Hive compression in ORC using Lz4

I am trying to compress RC and ORC file using LZ4. I have installed Hadoop-2.7.1 and Hive-1.2.1. In case of LZ4, I can compress RC file without any problem. But, when I try to load data in ORC file using LZ4, it is not working. I have created ORC table like below:
CREATE TABLE FINANCE_orc(
PERMNO STRING,
DATE STRING,
CUSIP STRING,
NCUSIP STRING,
COMNAM STRING,
TICKET STRING,
PERMCO STRING,
SHRCD STRING,
EXCHCD STRING,
HEXCD STRING,
SICCD STRING,
HSLCCD STRING,
PRC STRING,
VOL STRING,
RET STRING,
SHROUT STRING,
DLRET STRING,
VWRETD STRING,
EWRETD STRING,
SPRTRN STRING)
STORED AS ORC tblproperties ("orc.compress"="Lz4");
set mapred.output.compress=true;
set hive.exec.compress.output=true;
set mapred.output.compression.type = BLOCK;
set mapred.output.compression.codec=org.apache.hadoop.io.compress.GzipCodec;
set io.compression.codecs=org.apache.hadoop.io.compress.GzipCodec;
INSERT OVERWRITE table finance_orc select * from finance;
But at the time of loading data it gives the following error:
Error: java.lang.RuntimeException: org.apache.hadoop.hive.ql.metadata.HiveException: Hive Runtime Error while processing row {"permno":"PERMNO","ndate":"DATE","cusip":"CUSIP","ncusip":"NCUSIP","comnam":"COMNAM","ticket":"TICKER","permco":"PERMCO","shrcd":"SHRCD","exchcd":"EXCHCD","hexcd":"HEXCD","siccd":"SICCD","hslccd":"HSICCD","prc":"PRC","vol":"VOL","ret":"RET","shrout":"SHROUT","dlret":"DLRET","vwretd":"VWRETD","ewretd":"EWRETD","sprtrn":"SPRTRN"}
at org.apache.hadoop.hive.ql.exec.mr.ExecMapper.map(ExecMapper.java:172)
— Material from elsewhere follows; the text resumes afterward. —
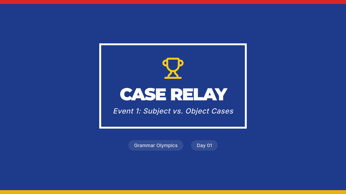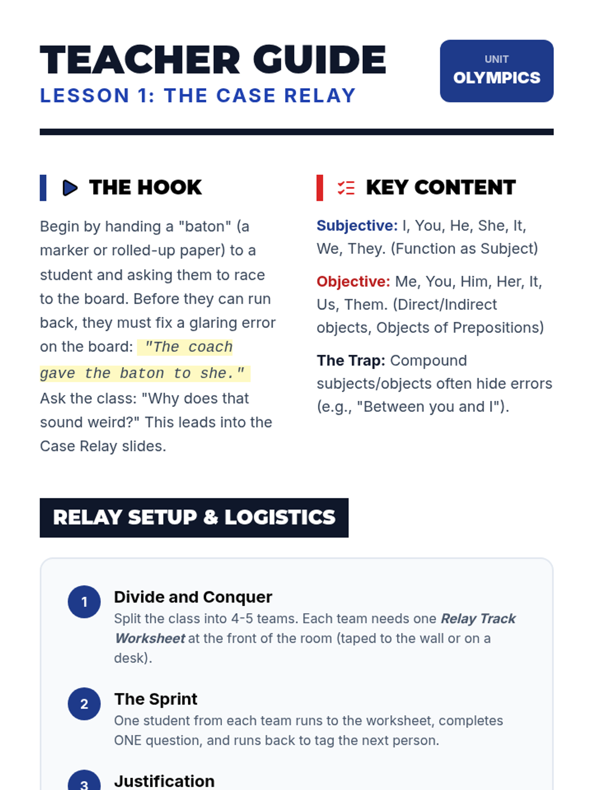 A gamified grammar unit where students compete in 'Olympic' events to master personal, possessive, indefinite, and relative pronouns. The sequence emphasizes speed, accuracy, and grammatical justification through a series of high-energy, collaborative challenges.
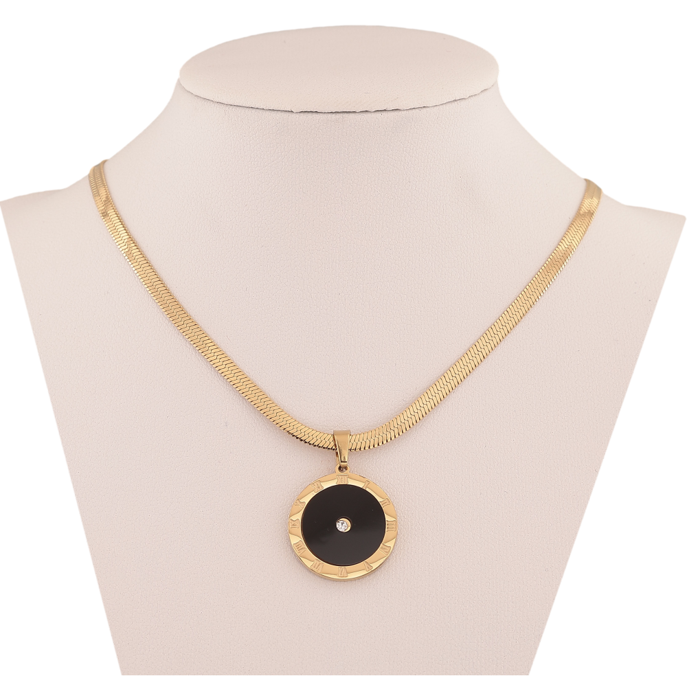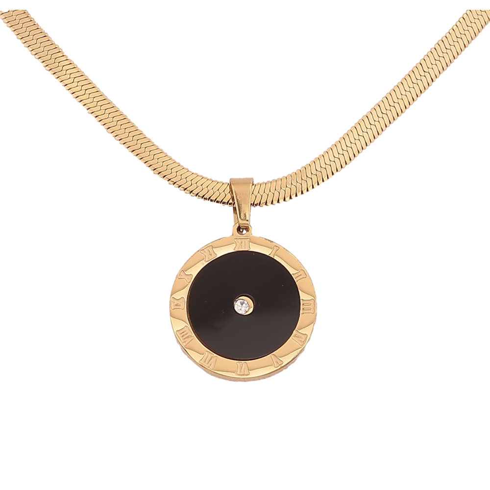 Підвіска на ланцюжку Xuping ТТМ Stainless Steel колір 14К "Циферблат з чорною вставкою та кристалом" довжина 40-45см х 3мм

at org.apache.hadoop.mapred.MapRunner.run(MapRunner.java:54)
at org.apache.hadoop.mapred.MapTask.runOldMapper(MapTask.java:453)
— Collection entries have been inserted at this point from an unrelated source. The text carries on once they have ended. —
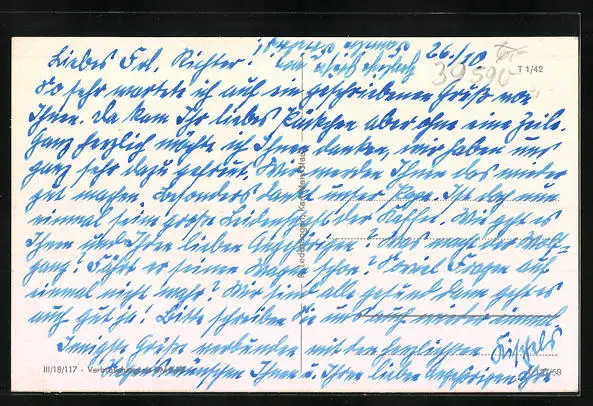 ungelaufen, Rückseite beschrieben, Eckknick li. oben, sonst guter Zustand
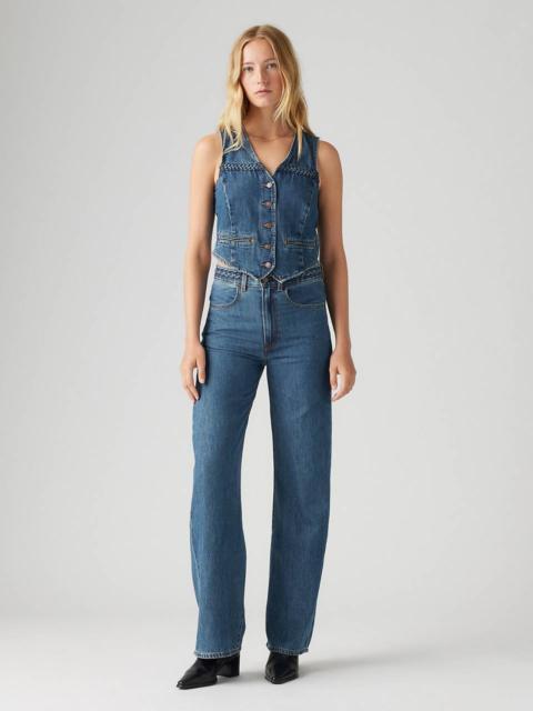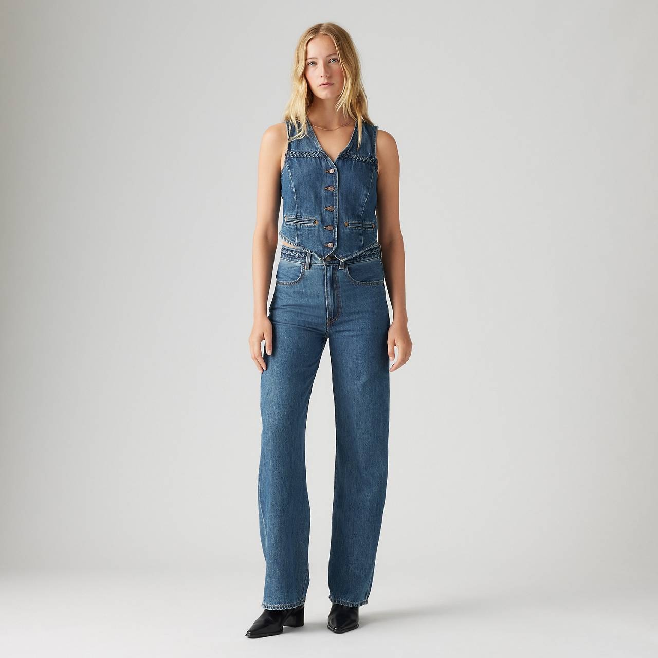 As if our Ribcage jeans couldn't get any better—meet our Ribcage Wide-Leg Braided jeans. The tailored, leggy look of the '70s and a '90s-inspired super high rise come together to create the perfect proportion to show off the rise and define your waistline. With a soaring 12-inch rise and a braided waistband, they're about to become your waist-defining, leg-lengthening obsession. - Our Ribcage jeans you know and love, now with a wide-leg cut - Made with a super high rise - Fitted seat and slim leg from thigh to knee for uncompromising comfort - Finished with a braided waistband Style # 001US0000 Color: Big Yikes - Dark Wash How it Fits - Slim Through The Hip And Thigh - Super high rise: 12" - Wide leg - Inseam: 32",Leg opening: 22",Measurements based on size 27 waist Composition & Care - 100% Cotton - Denim - Non-stretch - Zip fly - Non 5 Pocket - Wash your jeans once every 10 wears at most; this increases their lifespan and saves natural resources.Machine wash cold, Do not bleach, Tumble dry medium, Hot iron if needed, Dry cleaning possible, Wash inside out with like colors - Made in Sri Lanka
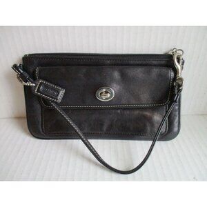 *COACH Black Leather Clutch Wristlet Zip Top Turn Key Pocket Closure
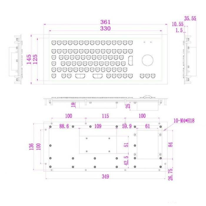 METAL Keyboard,MINI vandálbiztos billentyűzet + trackball
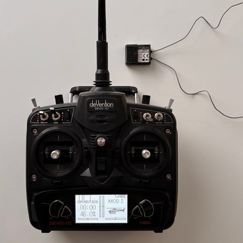 Tuollainen devo 7 ylimääräisenä ja mukaan tulee myös tuo walkera rodeo 150 yhdellä akulla ja toimii juurikin tolla radiolla, akku ei kauaa kestä ja akkukotelon kansi on mallia oma tekele mutta pysyy paikallaan jos ei kovaa tömähdä maahan.
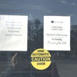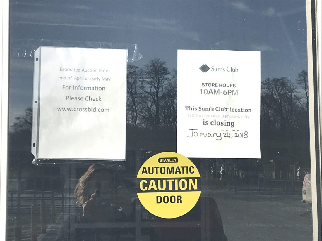 - Signs are posted on the front doors at Sam’s Club. An auction for equipment inside the store is scheduled to take place late April or early May. P-J photo by Katrina Fuller
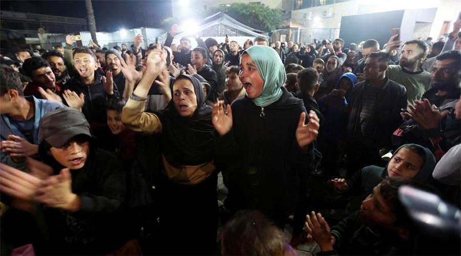 চুক্তির খবরে উচ্ছ্বাস প্রকাশ করতে গাজার বাসিন্দারা রাস্তায় নেমেছেন। কেউ গান গাইছেন, কেউ বাঁশি বাজাচ্ছেন, কেউ নাচে মেতে উঠেছেন এবং বারবার ‘আল্লাহু আকবর’ বলে আনন্দ প্রকাশ করছেন। ৫ সন্তানের মা ঘাদা জানিয়েছেন, “হ্যাঁ, আমি কাঁদছি; কিন্তু এটি আনন্দের অশ্রু। মনে হচ্ছে, নতুন করে আবার আমাদের জন্ম হলো।” তিনি জানান, ইসরায়েলি বোমার আঘাতে যে বাড়িতে তারা থাকতেন, সেটি ধ্বংস হওয়ার পর গত ১৫ মাস ধরে তাঁবুতে বসবাস করছেন।

at org.apache.hadoop.mapred.MapTask.run(MapTask.java:343)
at org.apache.hadoop.mapred.YarnChild$2.run(YarnChild.java:164)
at java.security.AccessController.doPrivileged(Native Method)
at javax.security.auth.Subject.doAs(Subject.java:415)
at org.apache.hadoop.security.UserGroupInformation.doAs(UserGroupInformation.java:1657)
at org.apache.hadoop.mapred.YarnChild.main(YarnChild.java:158)
Caused by: org.apache.hadoop.hive.ql.metadata.HiveException: Hive Runtime Error while processing row {"permno":"PERMNO","ndate":"DATE","cusip":"CUSIP","ncusip":"NCUSIP","comnam":"COMNAM","ticket":"TICKER","permco":"PERMCO","shrcd":"SHRCD","exchcd":"EXCHCD","hexcd":"HEXCD","siccd":"SICCD","hslccd":"HSICCD","prc":"PRC","vol":"VOL","ret":"RET","shrout":"SHROUT","dlret":"DLRET","vwretd":"VWRETD","ewretd":"EWRETD","sprtrn":"SPRTRN"}
at org.apache.hadoop.hive.ql.exec.MapOperator.process(MapOperator.java:518)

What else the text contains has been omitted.